A better choice (and what I chose in the observatory) would be the "small 15-20 fluorescent fixtures like HD sells. I have found these quite useful and easy to install. I even mounted one behind my big screen DTV for background lighting…

Oh yeah, parts of the rope light do burn out more readily.


----------



## StumpyNubs (Sep 25, 2010)

I've used rope lighting in projects. My house has a library and there's rope lighting for some of the shelves. One thing I learned is that there's a HUGE difference in quality. I bought the cheap stuff and it lasted only a few weeks. Buy the best you can if you use it.


----------



## superstretch (Jan 10, 2011)

I have the HD variety and don't know that I would use them for more than accent lighting. I have ropes behind my computer monitor, my TV, and around the inside under my bed frame. Each setting looks fantastic, but they don't provide much direct like-like taking the lens assembly off a Maglight… You still get a torch, but there's no direction or focus.

That being said, I'm sure if you get the right stuff and maybe double up the density of the lights, you might get what you're looking for.


----------



## LateNightOwl (Aug 13, 2009)

I've used rope lights for display purposes in a retail business, but I would not recommend them as work lights. They are just not bright enough and they yellow over time.

However, you might want to check out LED strip lights like these . They can be expensive, but they put out a lot of light, take up almost no space, and they are energy efficient. You can also use a dimmer switch with them if you want. I am going to use them as indirect lighting in my hot tub room. If you shop around, you can probably find a better deal on them-this was just the first site that showed up in Google, and they seem to have a good selection.


----------



## patron (Apr 2, 2009)

lowes has 'hockey puck' LED lights
in kits
they are 110
and can be run through a dimmer
cheap

much better than rope
or strip lights

simple


----------



## Gregn (Mar 26, 2010)

I've experimented with rope lighting for this purpose myself. While it provides a low level light for back lighting areas under cabinets and such. As Mike has stated sections of rope lighting does burn out and isn't as simple as changing out lights in other fixtures. I'm now looking at checking out the new LED task lighting lights they have come out with. Such as these.
http://www.lowes.com/pd_283520-1390-GU0018P-LED-I_4294859090_4294937087_?productId=1240645&Ns=p_product_prd_lis_ord_nbr|0||p_product_quantity_sold|1&pl=1&currentURL=/pl_Spe


----------



## RetiredCoastie (Sep 7, 2009)

Thanks all for your input. I'm glad I came here first you guys are great.

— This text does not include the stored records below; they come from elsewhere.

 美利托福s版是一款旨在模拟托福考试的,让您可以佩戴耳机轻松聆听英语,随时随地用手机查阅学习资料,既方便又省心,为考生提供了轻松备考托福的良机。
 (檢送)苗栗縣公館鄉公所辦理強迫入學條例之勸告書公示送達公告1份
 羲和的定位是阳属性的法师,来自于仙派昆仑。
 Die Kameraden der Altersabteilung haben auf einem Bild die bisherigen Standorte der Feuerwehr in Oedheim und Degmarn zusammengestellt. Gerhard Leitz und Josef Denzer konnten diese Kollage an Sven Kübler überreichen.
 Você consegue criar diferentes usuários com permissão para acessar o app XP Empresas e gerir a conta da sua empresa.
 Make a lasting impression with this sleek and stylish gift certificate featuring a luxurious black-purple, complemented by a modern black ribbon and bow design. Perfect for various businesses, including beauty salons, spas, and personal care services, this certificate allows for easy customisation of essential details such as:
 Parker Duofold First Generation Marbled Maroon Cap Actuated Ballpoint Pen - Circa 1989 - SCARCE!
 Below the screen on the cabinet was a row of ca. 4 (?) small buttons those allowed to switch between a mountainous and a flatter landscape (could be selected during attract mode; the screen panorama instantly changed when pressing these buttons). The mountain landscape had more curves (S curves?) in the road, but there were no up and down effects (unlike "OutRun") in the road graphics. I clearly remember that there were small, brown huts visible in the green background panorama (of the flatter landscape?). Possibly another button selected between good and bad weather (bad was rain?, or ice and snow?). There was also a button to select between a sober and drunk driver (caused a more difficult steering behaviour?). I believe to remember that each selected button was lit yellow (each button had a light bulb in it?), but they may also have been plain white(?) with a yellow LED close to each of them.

David I think I'm gonna go with your suggestion and try the puck lights. If they don't suit my needs I can always return them.

Once I finish the cabinet I'll post pics with the lights on and off.

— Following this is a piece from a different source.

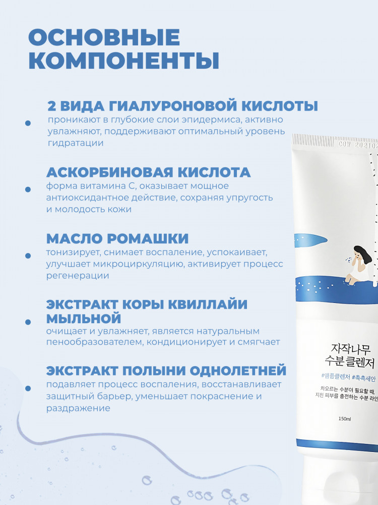 Средство с pH 5.0-6.0 и натуральными поверхностно-активными веществами на основе кокоса нормализует баланс влаги и липидов на поверхности кожи, имеет текстуру мягкого водянистого геля и аромат ромашки и полыни.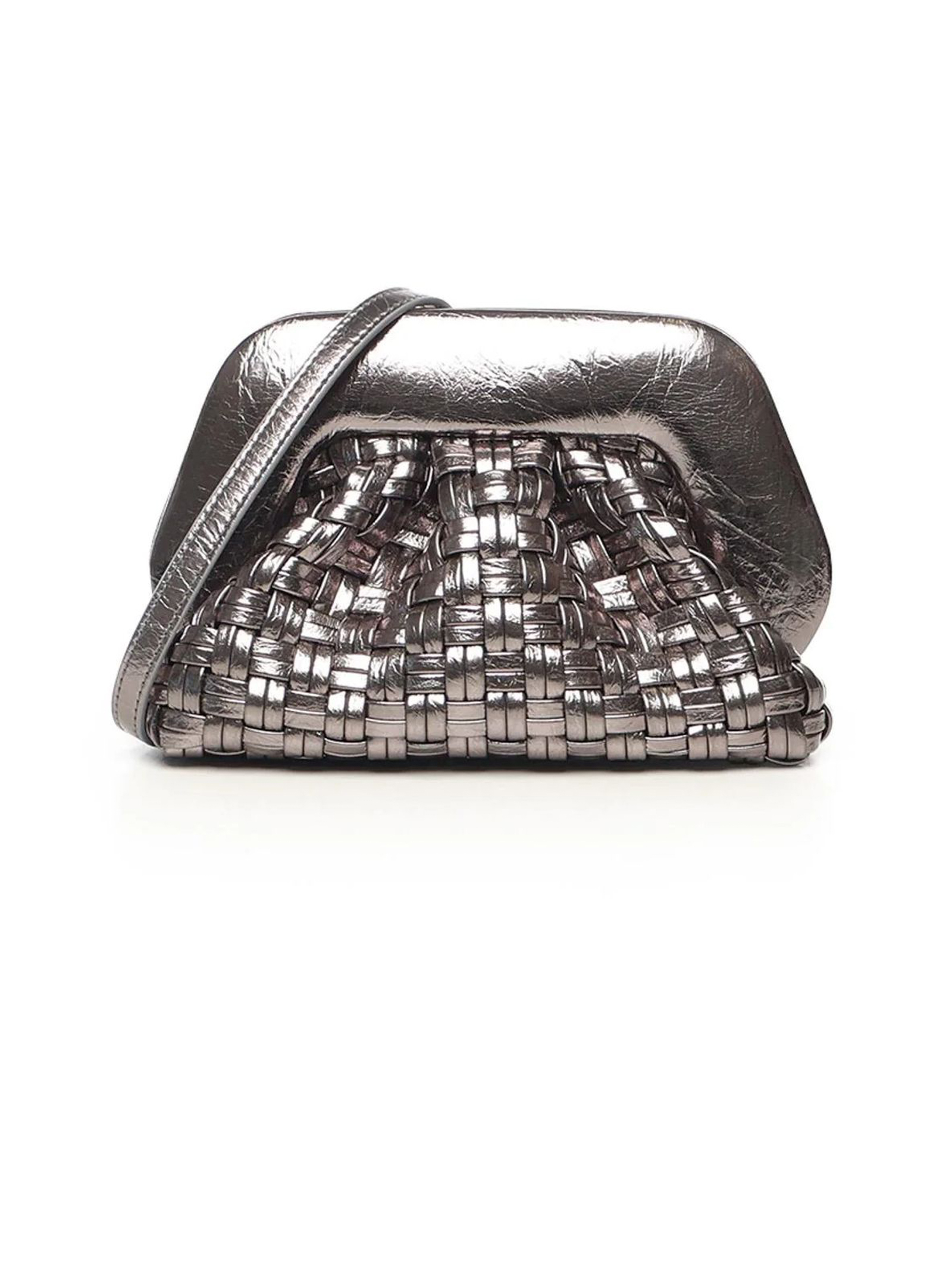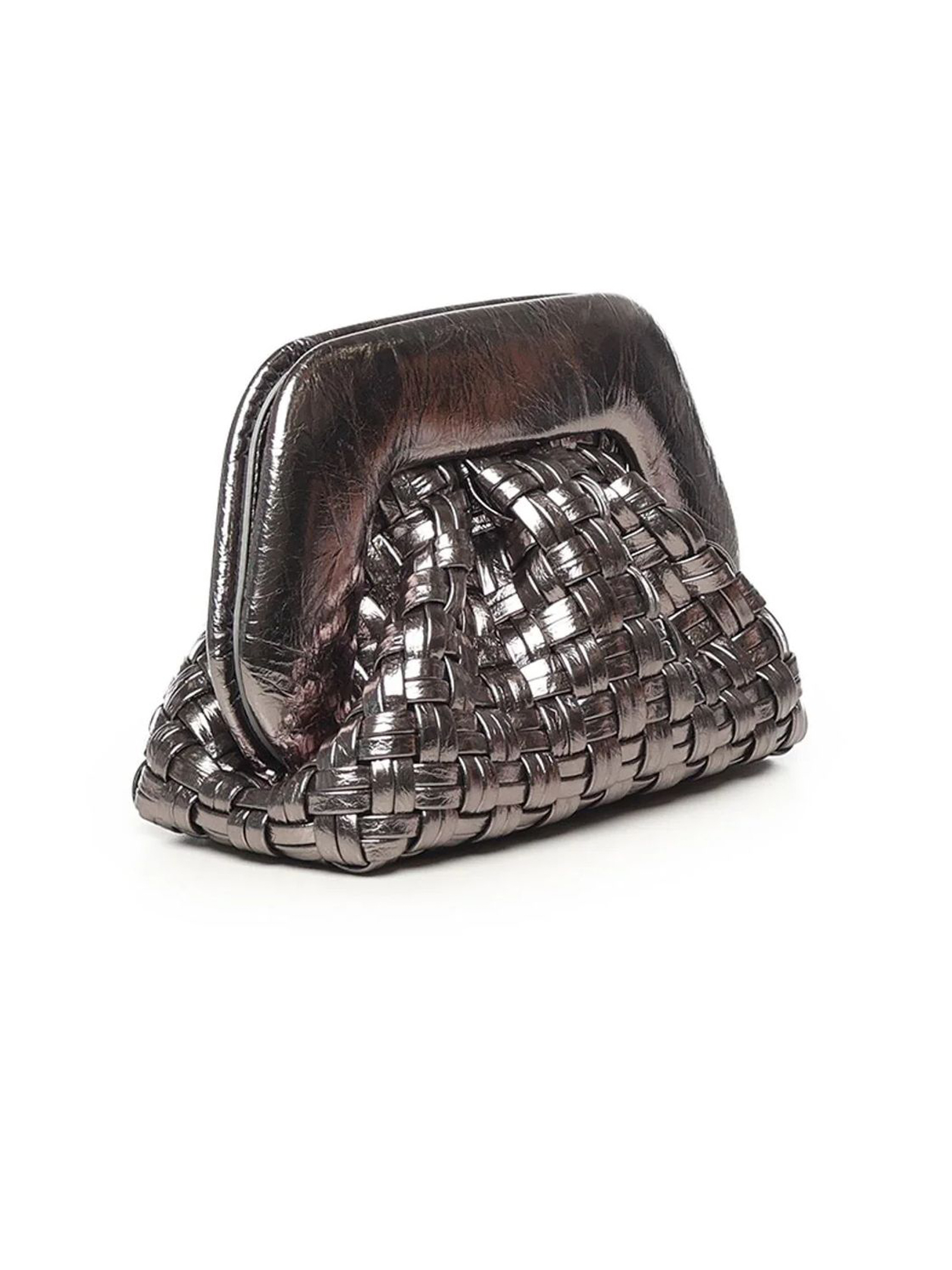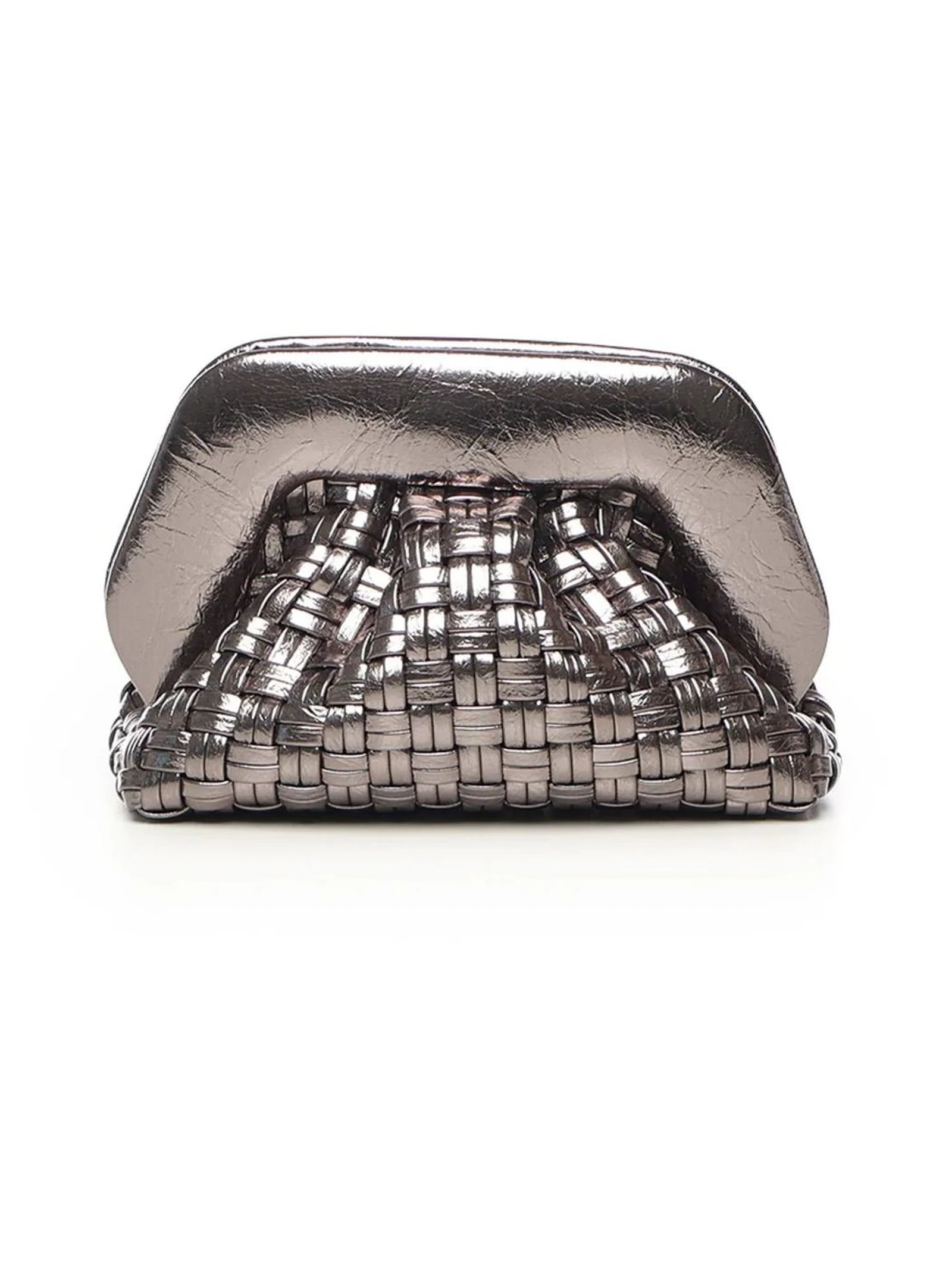 Pochette in pelle sintetica argento, tracolla staccabile e regolabile, chiusura magnetica superiore, Altezza: 15cm, Larghezza: 22cm, Profondità: 10cm, lunghezza tracolla: 105cm regolabile

Thanks again to all of you!


----------



## swirt (Apr 6, 2010)

I have LED rope lights under my cabinets in my kitchen. They replaced non-led rope lights that starting having sections burn out and quit working. If you go with rope lights, definitely go with the LED variety.

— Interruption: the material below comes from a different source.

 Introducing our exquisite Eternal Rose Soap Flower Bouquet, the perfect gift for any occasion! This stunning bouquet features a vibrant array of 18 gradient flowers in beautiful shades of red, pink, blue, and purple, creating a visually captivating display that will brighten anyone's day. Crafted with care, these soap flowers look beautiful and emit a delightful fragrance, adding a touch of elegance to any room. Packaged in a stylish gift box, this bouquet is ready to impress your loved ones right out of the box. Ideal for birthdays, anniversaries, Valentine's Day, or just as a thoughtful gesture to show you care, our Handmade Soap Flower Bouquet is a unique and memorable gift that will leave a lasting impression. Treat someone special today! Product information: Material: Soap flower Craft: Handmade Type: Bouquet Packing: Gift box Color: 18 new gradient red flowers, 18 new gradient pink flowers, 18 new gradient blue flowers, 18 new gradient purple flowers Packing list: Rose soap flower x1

As far as task lighting, as others have said, they are not optimal, but the nice thing is they provide lots of light from multiple vantage points so you are rarely working in a shadow. The task lights are more like spots that provide more brightness, but also more shadows. I have been thinking about doing this, when I add a couple of hanging cabinets to my workshop to put both LED rope and LED task lights under it. Then you would get the best of both worlds. I would also put them on separate switches so that you can turn them on and off independently. ie: Sometimes you want shadows so it would help to be able to turn off the rope.


----------



## HorizontalMike (Jun 3, 2010)

I think the LED technology will be a game changer ONCE they get prices down and competitive with existing types.


----------